3. Behaviour assessment tools

Behavior assessments are different from tests that screen for learning differences. They don’t have right or wrong answers. Instead, they look at how kids interact with their world. These assessments can identify behavior patterns as well as reasons for the behavior. Often parents, teachers and others are asked to observe the kids and answer questions about them.

Here are some of the behavior assessments that are commonly used.

Vineland Adaptive Behavior Scales

What it measures: How a child’s daily living skills compare to those of other kids his age.

How it works: Someone who knows the child well fills out a questionnaire or answers questions about your child. This is usually a parent or teacher. Questions focus on the child’s abilities in basic areas.

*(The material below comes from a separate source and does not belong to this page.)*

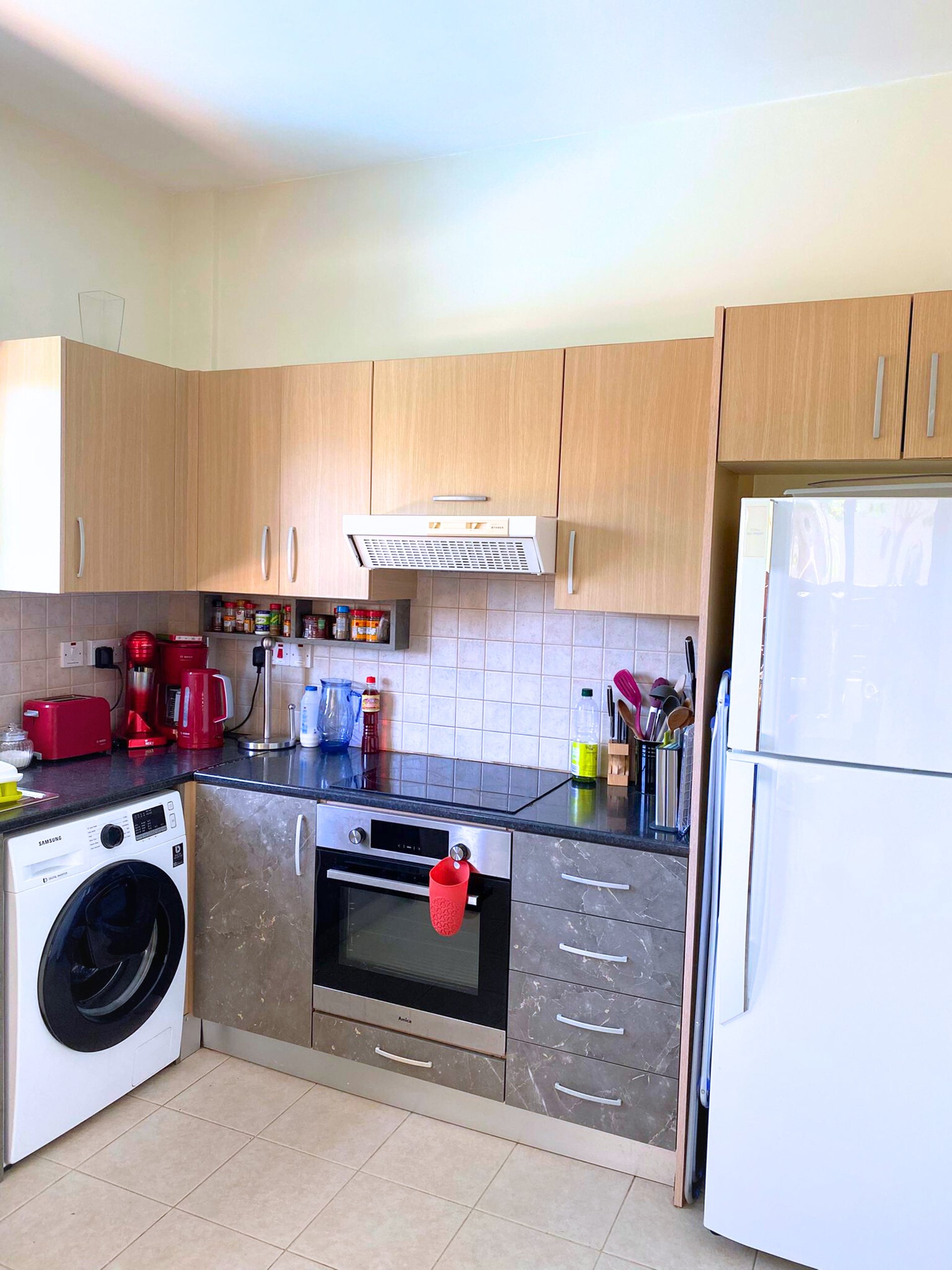 Quality kitchen equipped with a microwave, toaster, frappe machine, dishes, cutlery, pans, pots, dishwasher, washing machine, coffee maker, hob, kettle, refrigerator

These include communication, daily living, socialization, and motor skills.

What results mean: This test looks at a child’s ability to function on a daily basis. It’s helpful for diagnosing and classifying certain types of disorders. These include autism, Asperger’s syndrome, and developmental delays. It also helps determine how far a child is lagging behind his peers, and if there’s reason for concern.

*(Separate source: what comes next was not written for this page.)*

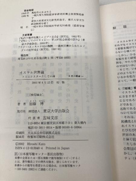【※カバー無し】イスラム世界論: トリックスターとしての神 (東洋叢書 10) 東京大学出版会 加藤 博
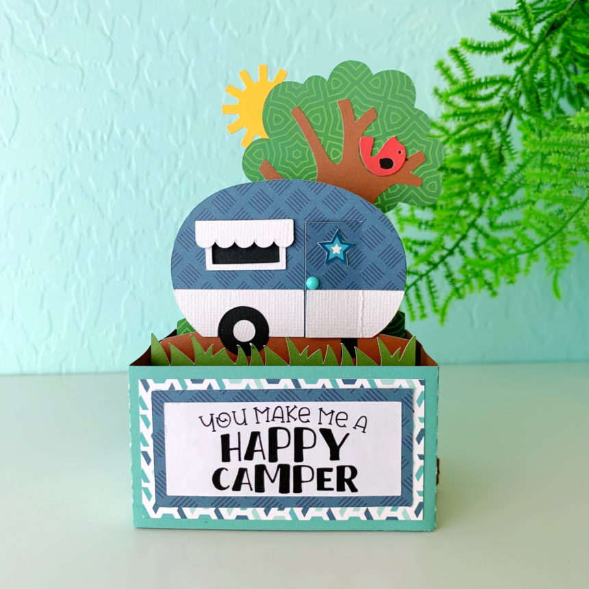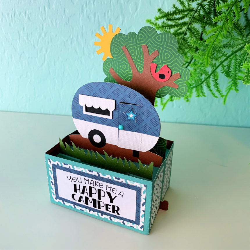 I plan on adding a little note to the back side of the stand base wishing him a very Happy Father’s Day! This card folds flat to fit into a 6×6 square envelope. It will also fit into the free Center Box Card Envelope in Lori’s Shop. For assembly help, see Lori’s Rectangle Pop Up Card Tutorial here on her YouTube Channel.

Conners Parent and Teacher Rating Scales

What it measures: The presence and severity of behaviors related to ADHD.

How it works: Parents and teachers fill out a brief multiple-choice questionnaire on how a child behaves. Older kids may also be given a questionnaire to fill out. Areas explored include inattention hyperactivity , learning problems, and social skills .

What results mean: This screening test points out where further testing may be needed. It can help doctors diagnose ADHD. It can also help them monitor how well medication or other therapies are working for kids who are already diagnosed.

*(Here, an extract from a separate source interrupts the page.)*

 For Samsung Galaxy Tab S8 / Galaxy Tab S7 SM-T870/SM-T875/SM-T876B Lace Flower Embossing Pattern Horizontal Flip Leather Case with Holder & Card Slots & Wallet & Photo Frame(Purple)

Vanderbilt Assessment Scales

What it measures: The existence and severity of ADHD symptoms. Also, other common behavioral concerns and how they might be affecting behavior and schoolwork.

How it works: This test may be given after a more general assessment suggests that a child shows signs of ADHD . Parents and teachers are asked how often they see those symptoms and other concerning behaviors. The choices are “never,” “occasionally,” “often” and “very often.”

What the scores mean: Some of the questions are related to focus issues and hyperactivity. If there are numerous answers of “often” and “very often,” it could point to ADHD.

Behavior Assessment System for Children (BASC)

What it measures: Various aspects of a child’s behavior.

How it works: A parent or teacher is given a broad range of questions about a child’s behavior. That includes questions about his social skills, ways of thinking and ability to adapt.

What the scores mean: This far-reaching test is used to evaluate kids for a broad range of behavior issues. Results help identify areas of specific concern. They also help narrow down the possibilities of what the problem might be.

Achenbach Child Behavior Checklist

What it measures: Emotional, behavioral, and social development and abilities.

How it works: Parents and teachers get a list of about 100 statements that describe child behaviors. They then rate how “true” or “untrue” each statement is for the child being evaluated. There’s a Child Behavior Checklist for preschoolers, as well as for older children.

What the scores mean: Test results can point to a number of behavioral and emotional issues. These include ADHD depression , phobias, and oppositional defiant disorder (ODD).

Barkley Home and School Situations Questionnaires

What they measure: A child’s behavior at home and at school.

How they work: Parents are asked to rate how a child behaves in 16 common home situations. Teachers are asked to do the same for 12 common school situations.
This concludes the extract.